By contrast, the unknown artist of this relief has chosen to focus on the episode that comes next. This is the moment shortly before the drunken Lot copulates with his virgin daughters and impregnates them; a theme that was depicted only occasionally before 1500. The composition is based on an engraving by Lucas van Leyden from 1530 who, for the first time, added a blatantly erotic dimension and relegated Sodom bursting into flames and Lot’s frozen wife to the background.
By focussing on this point in the narrative, the artist plays with the ambivalence of the sinfulness of the story. Did Lot really not know what he was doing that night, and were the daughters really not driven by their lust, but only by the desire for motherhood and the perpetuation of the family line? Those to whom they were betrothed had died in Sodom, and since Lot also fled with them from the nearby small town of Zoar, they are now isolated from the outside world in the mountain cave. By a nuanced moving between the depicted events of the biblical story and the profane, typically Northern, topos of the ‘Power of Women’ (heroic or wise men dominated by women and their erotic power) and the ‘Unequal Couple’ (love between a couple with a large age gap, usually old men and young girls), the viewer seems to find answers.
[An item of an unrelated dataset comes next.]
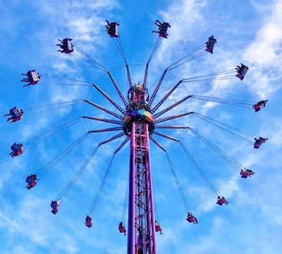 一种名为“飞椅”的游乐设施如图所示,该设施中钢绳一端系着座椅,另一端系在悬臂边缘。绕竖直轴转动的悬臂带动座椅在水平面内做匀速圆周运动,座椅可视为质点,则某座椅运动一周的过程中( )

In this work, the nameless daughters are presented as active and scheming seductresses. As one daughter, already naked, submits to her father's lustful gaze, she unobtrusively holds out a bowl to her sister so that she can refill it with wine.
But Lot is also given a share of the blame for the incestuous union in this composition. Also naked, sitting upright, and caressing his daughter as he fixes her with a lustful gaze, he seems to be in a state in which, despite his drunkenness, he could have prevented the situation instead of indulging in it.